**Task**
Although the records contain pictures, the copy must not; reproduce everything else in them exactly.

**Study material**

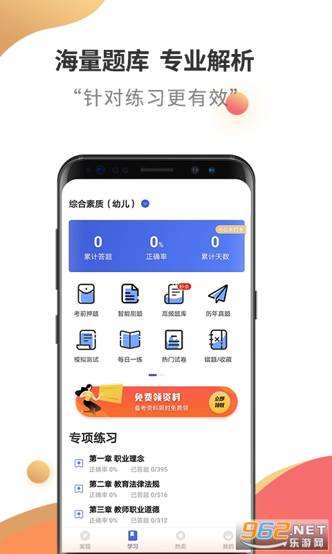 《教师资格考试云题库最新版》是一款非常给力好用的教师资格证学习平台,这里为用户提供了丰富的有关教师资格证考试的题库,帮助用户朋友们在线练习试题,而且都是免费的,感兴趣的朋友还在等什么?欢迎来962下载体验试试吧!
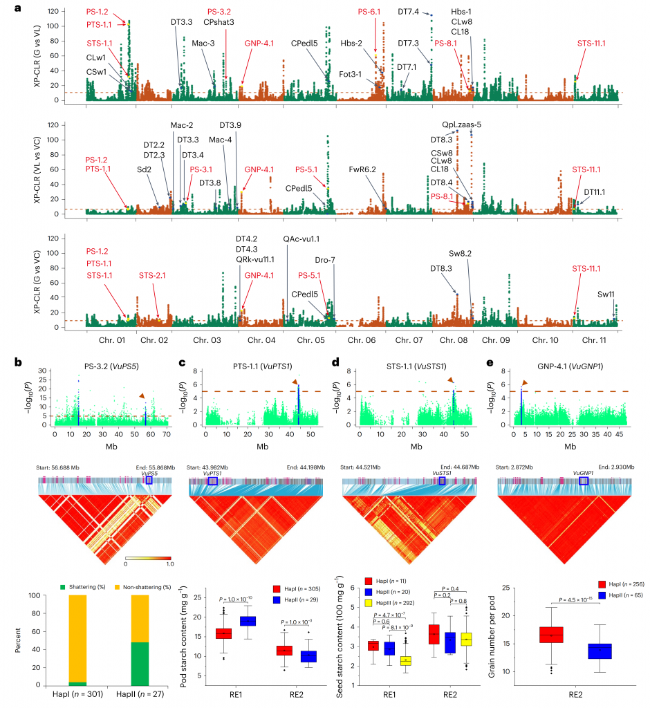 為了研究自然或人工選擇對(duì)豇豆分化的影響,作者通過選擇清除分析比較了三個(gè)豇豆亞群之間的基因組選擇特征,鑒定出239個(gè)與豇豆馴化和改良相關(guān)的基因。此外,通過GWAS,挖掘到裂莢性、莢長(zhǎng)、單莢粒數(shù)、千粒重、可溶性糖、總淀粉和粗蛋白質(zhì)含量相關(guān)基因,并在遺傳群體中驗(yàn)證。同時(shí)揭示了兩個(gè)亞種之間基因組結(jié)構(gòu)變異(SVs)的全圖譜,為豇豆在全基因組選擇下的馴化與改良提供了見解。產(chǎn)量性狀和品質(zhì)性狀的差異基因組選擇將有助于建立糧用豇豆和菜用豇豆雙向改良的遺傳資源。
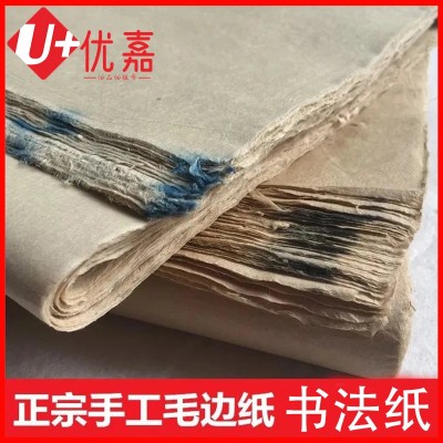 纯手工毛边纸书法纸(尺寸46*76)50张/包 蝉翼毛边纸书法纸毛笔字练习创作宣纸毛边纸书法纸一包SKU:YJ001984
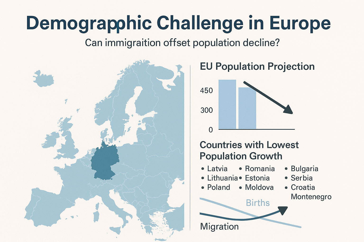 Η Ευρώπη βρίσκεται σήμερα αντιμέτωπη με μια βαθιά και πολυδιάστατη δημογραφική κρίση. Οι γεννήσεις μειώνονται, οι πληθυσμοί γηράσκουν και οι οικονομικά ενεργοί πολίτες λιγοστεύουν. Η Eurostat προβλέπει ότι ο πληθυσμός της Ευρωπαϊκής Ένωσης θα μειωθεί από 447 εκατομμύρια σε 419 εκατομμύρια μέχρι το 2100, μια μείωση της τάξης του 6%, εάν συνεχιστούν οι σημερινές τάσεις (Eurostat, 2023).
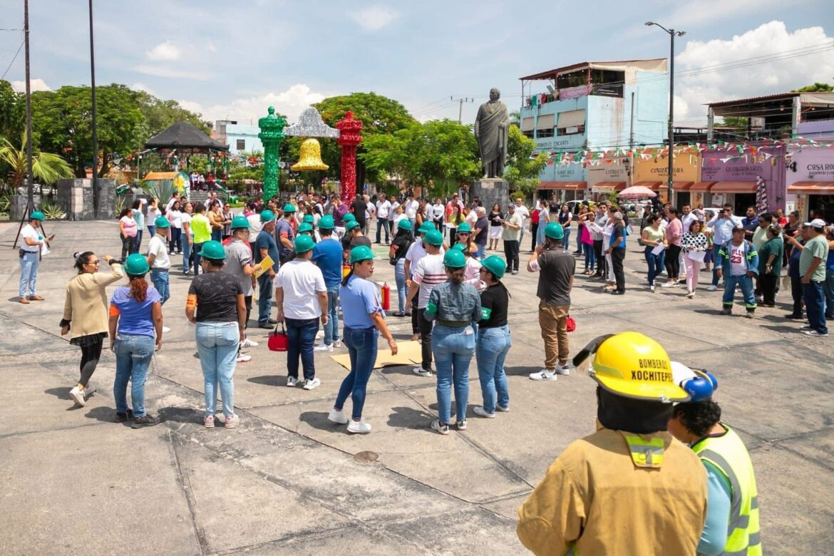 A las 12:00 horas en punto, sonó la alerta sísmica y, bajo la hipótesis de un movimiento telúrico de magnitud 8.1 con epicentro en Zihuatanejo, Guerrero, el personal actuó como si se tratara de un evento real desalojando Palacio Municipal, Sistema DIF Xochitepec, Unidad Básica de Rehabilitación (UBR), entre otros inmuebles.
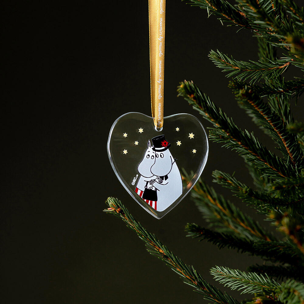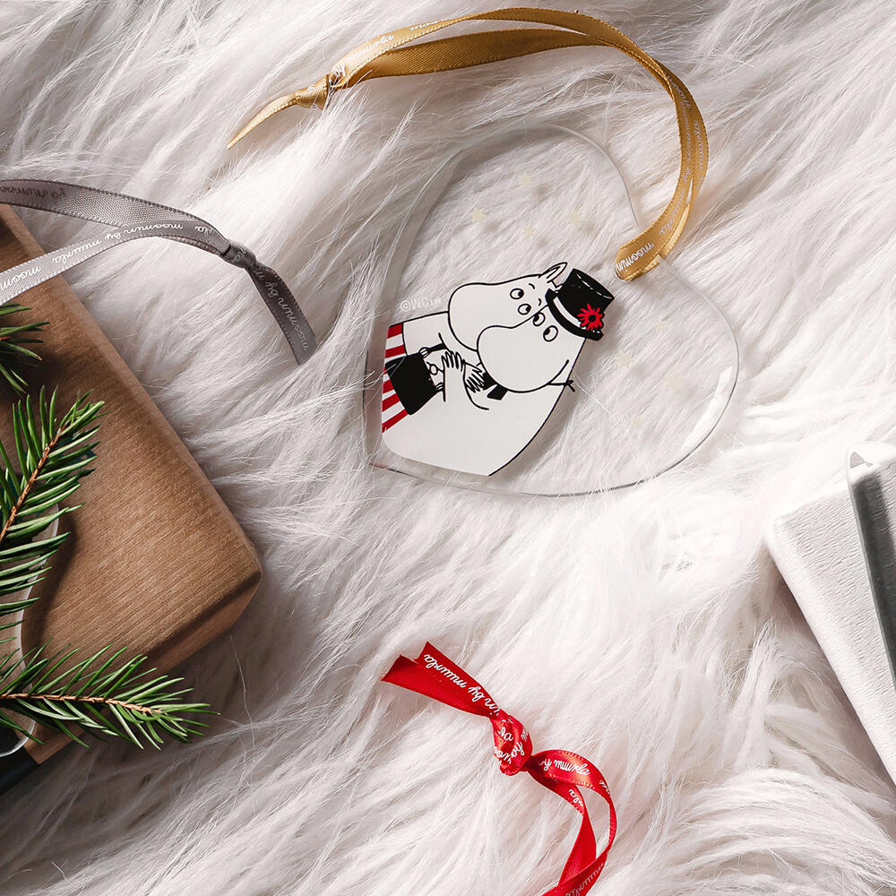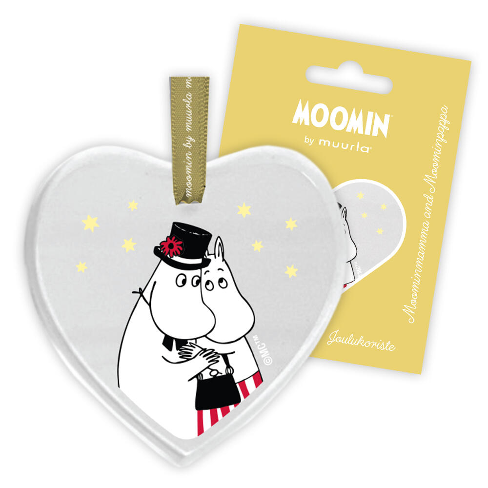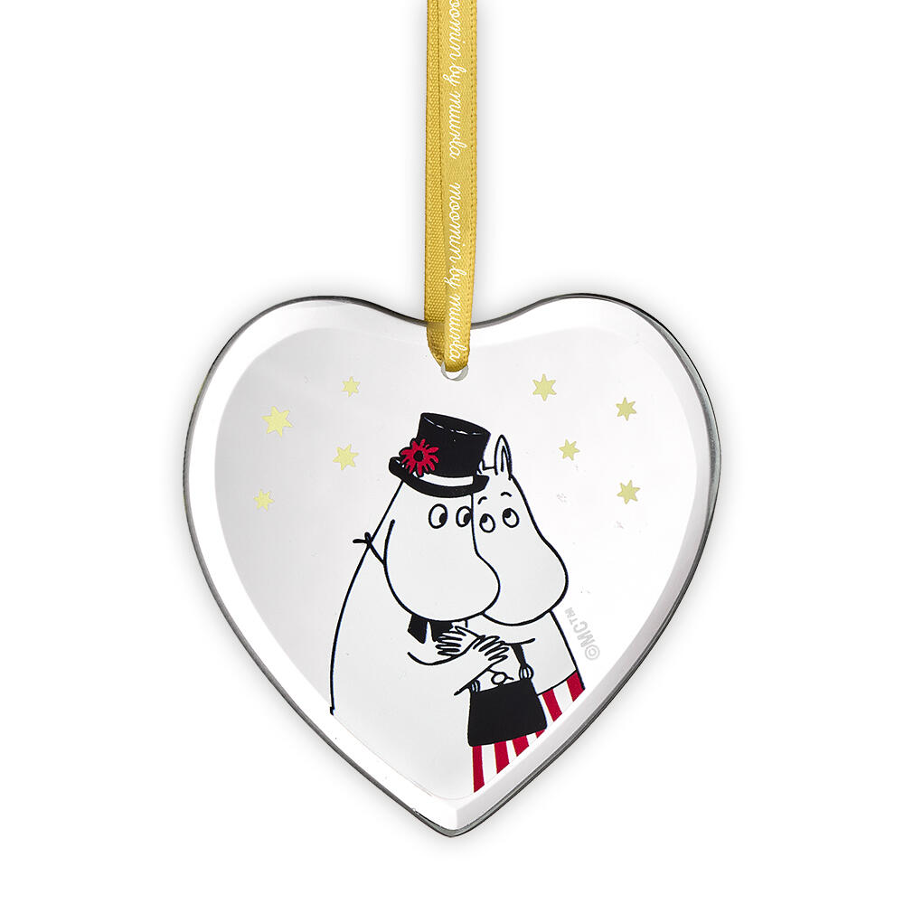 Mummi glassdekor med motiv av Mummimamma og Mummipappa. Dekorasjonen er stilren og passer utmerket på årets juletre eller et annet sted i hjemmet.
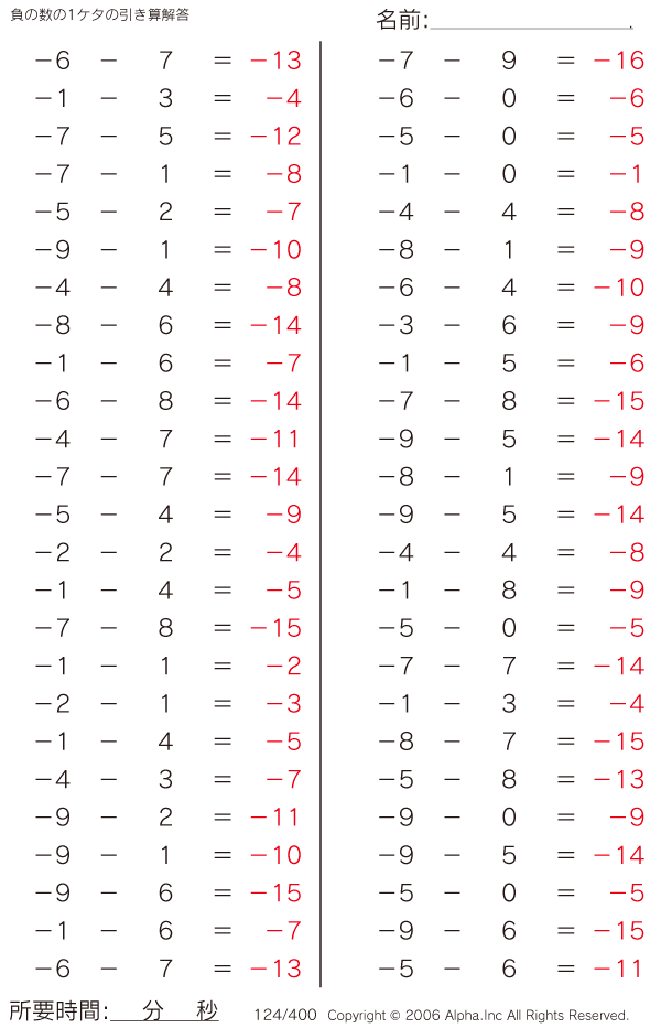 上記のボタンから「負の数の1ケタの引き算」の算数数学ドリル・計算ドリル(PDFプリント)がダウンロードできます。個人利用は無料です(家庭以外での配布は有料です)。
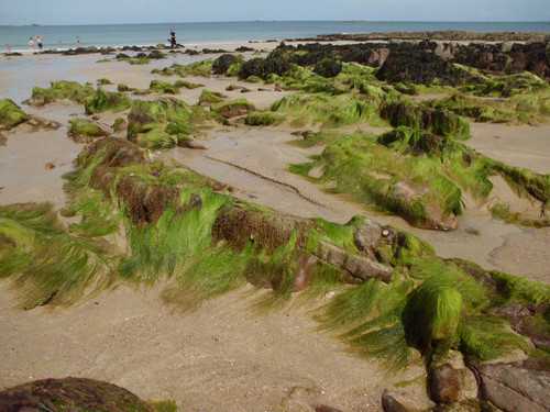 Вода в море оказалась неимоверно чистой. Был отлив и наружу вышли поля красивых зеленых водорослей, которые иначе и не увидишь,
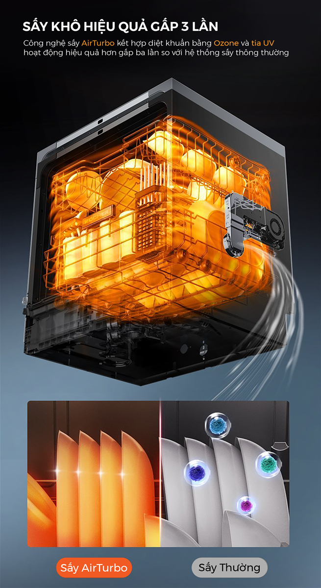 Công nghệ tia UV và khử khuẩn bằng Ozone giúp ngăn ngừa sự phát triển vi khuẩn và tiêu diệt 99.9999% vi khuẩn còn lại sau chu trình rửa. Máy rửa bát được tích hợp công nghệ tia UV và khử khuẩn bằng Ozone bên trong và sẽ tự động khử trùng, diệt vi khuẩn sau mỗi lần rửa nó giúp ích và bảo vệ các gia đình khỏi mầm mống bệnh tật và các bệnh truyền nhiễm hiệu quả hơn gấp 3 lần so với sấy thông thường.
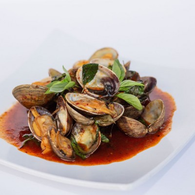 Fresh Manila clams with “prik pow” (roasted sweet chili paste) & basil
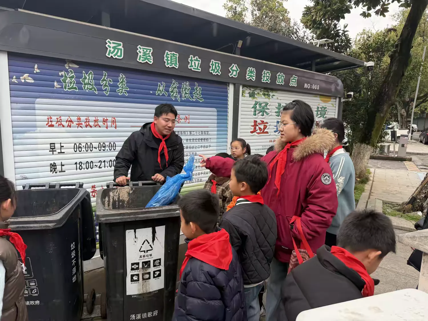 在社区垃圾分类投放点,志愿者带领孩子们开展实地教学。从识别垃圾桶标识、分辨垃圾种类,到亲手将垃圾投入对应容器,孩子们认真观察、积极实践,在操作中巩固分类知识,用实际行动践行志愿精神,守护社区环境整洁。
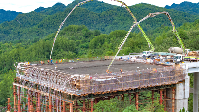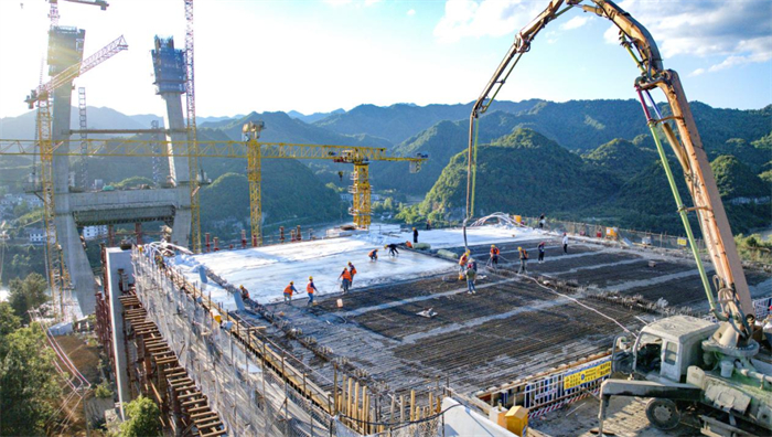 百花湖大桥边跨混凝土主梁第五浇筑段浇筑现场
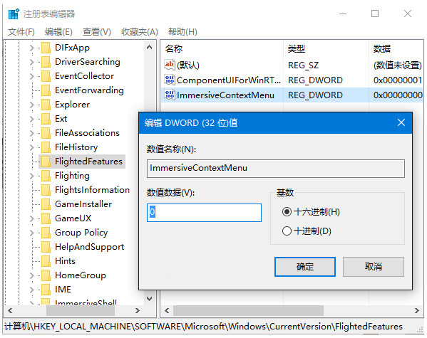 3、在右邊新建Dword(32位)值,重命名為ImmersiveContextMenu,數值數據直接使用默認的“0”,不必修改,如下圖——

**Answer**
 《教师资格考试云题库最新版》是一款非常给力好用的教师资格证学习平台,这里为用户提供了丰富的有关教师资格证考试的题库,帮助用户朋友们在线练习试题,而且都是免费的,感兴趣的朋友还在等什么?欢迎来962下载体验试试吧!
 為了研究自然或人工選擇對(duì)豇豆分化的影響,作者通過選擇清除分析比較了三個(gè)豇豆亞群之間的基因組選擇特征,鑒定出239個(gè)與豇豆馴化和改良相關(guān)的基因。此外,通過GWAS,挖掘到裂莢性、莢長(zhǎng)、單莢粒數(shù)、千粒重、可溶性糖、總淀粉和粗蛋白質(zhì)含量相關(guān)基因,并在遺傳群體中驗(yàn)證。同時(shí)揭示了兩個(gè)亞種之間基因組結(jié)構(gòu)變異(SVs)的全圖譜,為豇豆在全基因組選擇下的馴化與改良提供了見解。產(chǎn)量性狀和品質(zhì)性狀的差異基因組選擇將有助于建立糧用豇豆和菜用豇豆雙向改良的遺傳資源。
 纯手工毛边纸书法纸(尺寸46*76)50张/包 蝉翼毛边纸书法纸毛笔字练习创作宣纸毛边纸书法纸一包SKU:YJ001984
 Η Ευρώπη βρίσκεται σήμερα αντιμέτωπη με μια βαθιά και πολυδιάστατη δημογραφική κρίση. Οι γεννήσεις μειώνονται, οι πληθυσμοί γηράσκουν και οι οικονομικά ενεργοί πολίτες λιγοστεύουν. Η Eurostat προβλέπει ότι ο πληθυσμός της Ευρωπαϊκής Ένωσης θα μειωθεί από 447 εκατομμύρια σε 419 εκατομμύρια μέχρι το 2100, μια μείωση της τάξης του 6%, εάν συνεχιστούν οι σημερινές τάσεις (Eurostat, 2023).
 A las 12:00 horas en punto, sonó la alerta sísmica y, bajo la hipótesis de un movimiento telúrico de magnitud 8.1 con epicentro en Zihuatanejo, Guerrero, el personal actuó como si se tratara de un evento real desalojando Palacio Municipal, Sistema DIF Xochitepec, Unidad Básica de Rehabilitación (UBR), entre otros inmuebles.
 Mummi glassdekor med motiv av Mummimamma og Mummipappa. Dekorasjonen er stilren og passer utmerket på årets juletre eller et annet sted i hjemmet.
 上記のボタンから「負の数の1ケタの引き算」の算数数学ドリル・計算ドリル(PDFプリント)がダウンロードできます。個人利用は無料です(家庭以外での配布は有料です)。
 Вода в море оказалась неимоверно чистой. Был отлив и наружу вышли поля красивых зеленых водорослей, которые иначе и не увидишь,
 Công nghệ tia UV và khử khuẩn bằng Ozone giúp ngăn ngừa sự phát triển vi khuẩn và tiêu diệt 99.9999% vi khuẩn còn lại sau chu trình rửa. Máy rửa bát được tích hợp công nghệ tia UV và khử khuẩn bằng Ozone bên trong và sẽ tự động khử trùng, diệt vi khuẩn sau mỗi lần rửa nó giúp ích và bảo vệ các gia đình khỏi mầm mống bệnh tật và các bệnh truyền nhiễm hiệu quả hơn gấp 3 lần so với sấy thông thường.
 Fresh Manila clams with “prik pow” (roasted sweet chili paste) & basil
 在社区垃圾分类投放点,志愿者带领孩子们开展实地教学。从识别垃圾桶标识、分辨垃圾种类,到亲手将垃圾投入对应容器,孩子们认真观察、积极实践,在操作中巩固分类知识,用实际行动践行志愿精神,守护社区环境整洁。
 百花湖大桥边跨混凝土主梁第五浇筑段浇筑现场
 3、在右邊新建Dword(32位)值,重命名為ImmersiveContextMenu,數值數據直接使用默認的“0”,不必修改,如下圖——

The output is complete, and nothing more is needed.